Bush Vindicated
By Ryan Walsh (07/29/04)
The ultimate hypothetical: If the “BUSH LIED!” crowd were rational, recent developments would suggest they would change their tune.
In the 2003 State of the Union speech, Bush uttered the now notorious “16 words” of death: “The British government has learned that Saddam Hussein recently sought significant quantities of uranium from Africa.”
Soon after, former diplomat Joseph Wilson penned a column for "The New York Times" cutely entitled “What I Didn’t Find in Africa.” In it, he said that he had been sent to Niger—the particular African country in question—to investigate the supposed illegal uranium trade with Iraq. He discovered the claim was bogus.
Joseph Wilson and last summer’s “Uraniumgate” expose provided the desired material for the “BUSH LIED!” gang to unleash all fury.
But, in the past weeks, Joe Wilson’s credibility has been reduced to nothing. This means two things: one, his new book’s title, "The Politics of Truth," is so inexplicably ironic that it’s gut-wrenching hilarious, and two, if you own a copy and now worry that you have wasted a good 20 bucks, don’t fret. Its usefulness as prime fire-starting material hasn’t decreased in accordance with its intellectual worth.
The much anticipated bipartisan Senate Intel report rebukes Wilson’s claims. For starters, the report shoots down Wilson’s claim that the fact that his wife worked for the CIA had nothing to do with his comfy assignment as a “diplomat.” In fact, the committee learned his wife had formally recommended him for the job. In another dishonest declaration, Wilson said that documents that had supposedly proved an Iraqi-Niger uranium trade were forgeries since details such as names and dates were wrong. Nice, but the committee says Wilson never saw or even had access to such documents, which means his intimate knowledge of names and dates is unlikely.

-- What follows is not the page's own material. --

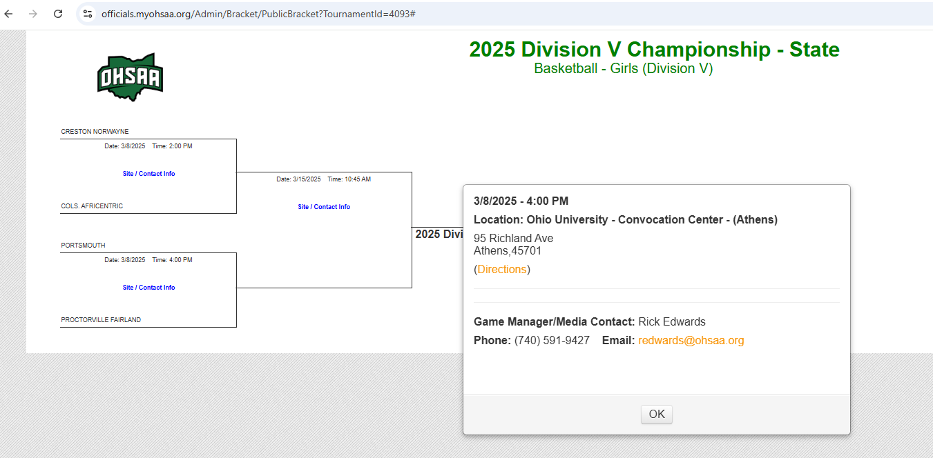 I saw the athletic schedule for Ohio University and they had Saturday March 8th as OHSAA Girls State Semi Finals- so OU was on reserve, however it comes down to attendance and the OHSAA has sorted messed up a good thing they had going on-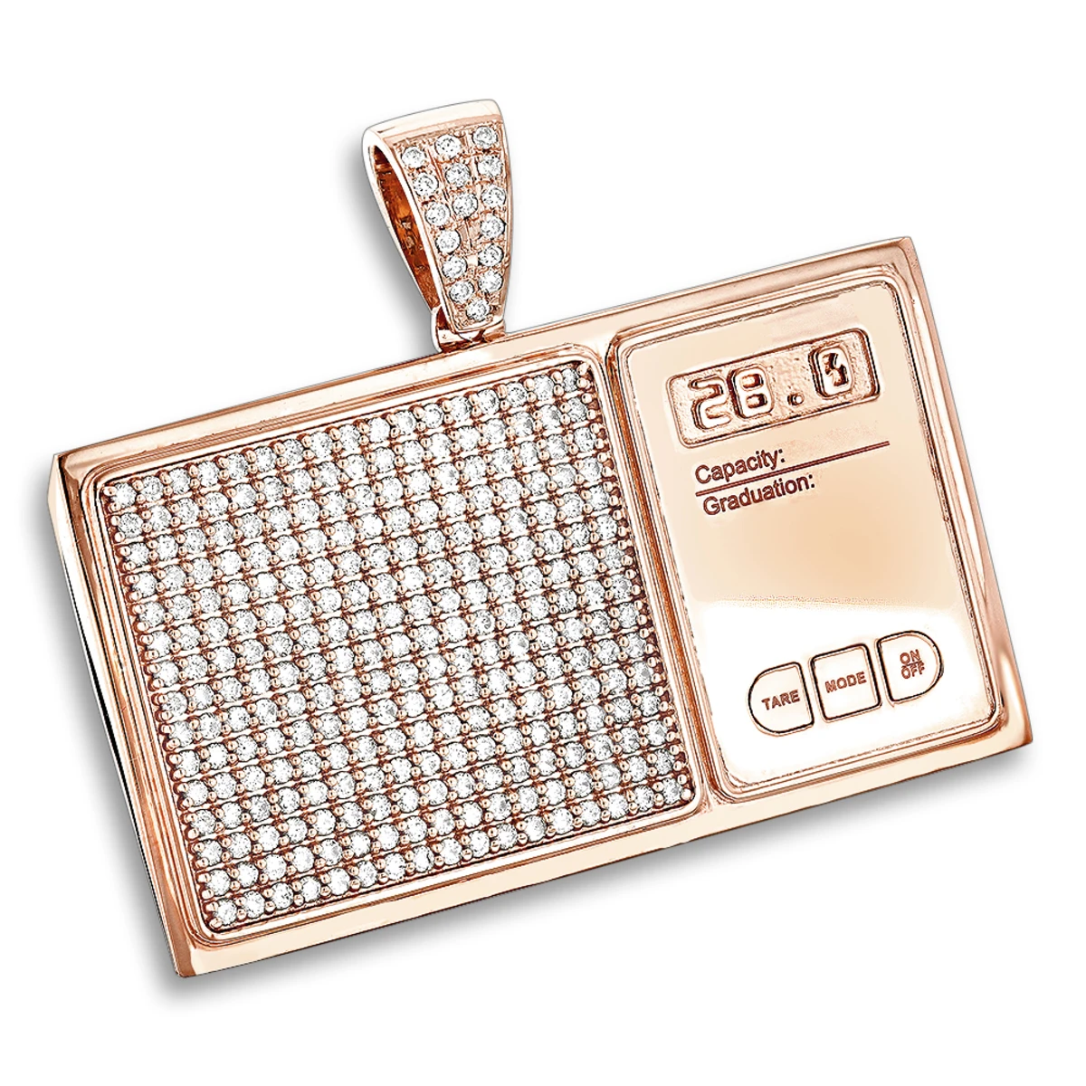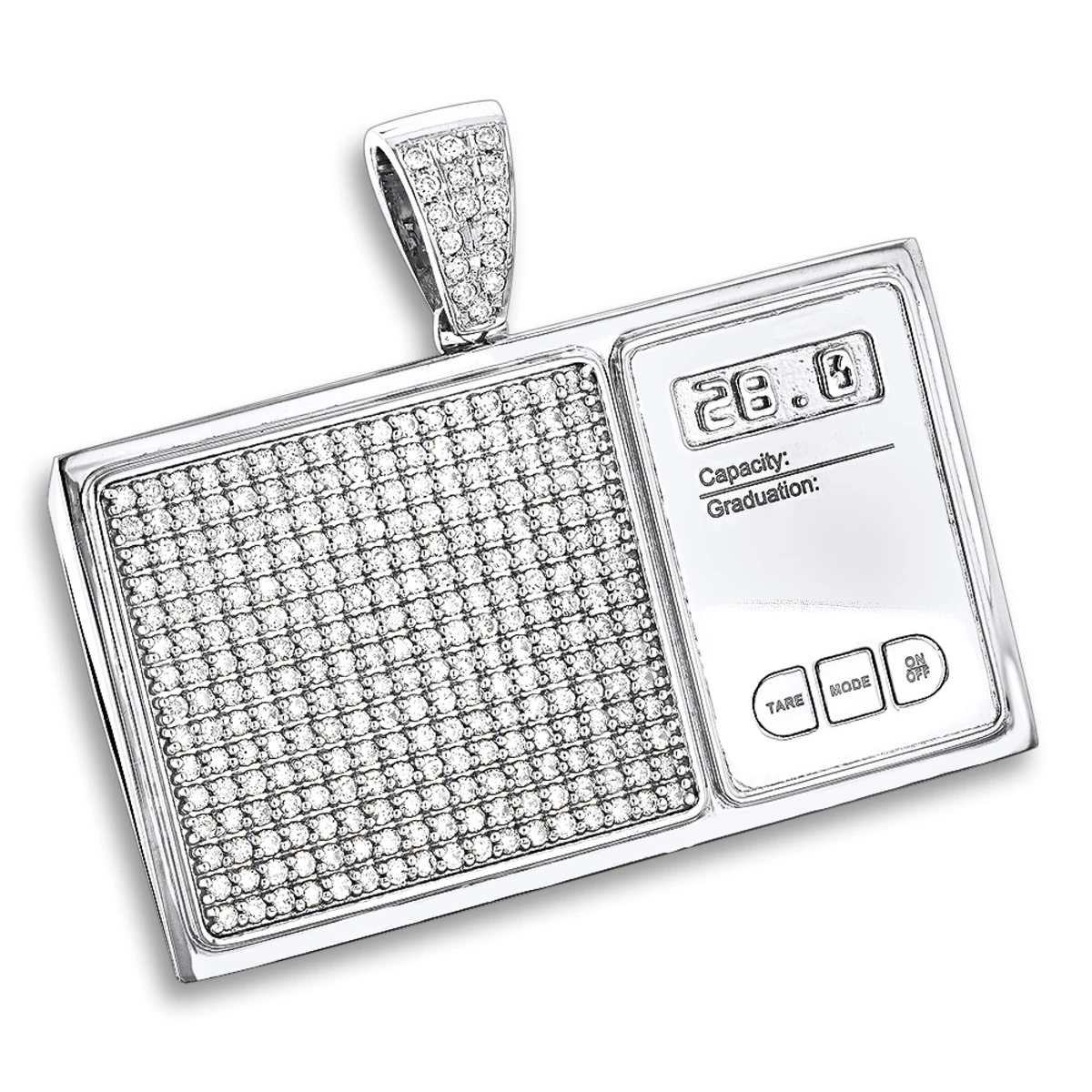Custom Jewelry: This 10K Gold Diamond Digital Scale Men’s Pendant showcases 4 carats of dazzling round diamonds masterfully set in 10K gold base. This men’s custom pendant is available in 10K, 14K, 18K Gold and Platinum, with any color/clarity diamonds, if desired option not listed, please contact us – 212-398-3123.

Britain’s Financial Times has also thoroughly contributed to the Wilson discrediting. Thus far, the paper has reported that new European intelligence shows that five particular nations had sought uranium from Niger. The article concludes, “One of the customers discussed by the traders was Iraq."
A more “reasonable” Bush critic will tell you, “Well, okay, maybe Bush didn’t just come out and lie, but he exaggerated and distorted intelligence in order to build his case for war.” But the Senate report and the British Parliament’s own Butler report demur.
Here’s some important Senate report text: “The committee found no evidence that the [intelligence community's] mischaracterization or exaggeration of weapons of mass destruction capabilities was the result of political pressure.”
Reinforcing important findings in the U.S. and Europe, the Butler report concluded “… the statement in President Bush's State of the Union Address of 28 January…was well-founded.”
We are told that Bush had a tough decision to make on Iraq. But, in the post-9/11 setting, he really had no choice at all. Saddam Hussein had ignored and obstructed international law and UN resolutions for 17 years. Former CIA Director George Tenet was so convinced of the existence of WMD stockpiles that he told the commander in chief the intelligence was a “slam dunk.” This in conjunction with Saddam’s strong ties to terrorist groups (a topic of future column) produced a transparent threat to the U.S. in particular and the West in general.
As Bill Safire observed in a recent column, our pre-war intel before the first Gulf War was wrong, too: we had no idea that Saddam’s nuclear program was as fully developed as it was. Clearly, this is the more perilous sort of intelligence “errors.” Would Bush’s son make the same mistake and wait until the threat rose to imminence?
Bush addressed this question at a rally in Duluth—which I attended. He said that, given that choice, he will “defend America every time.”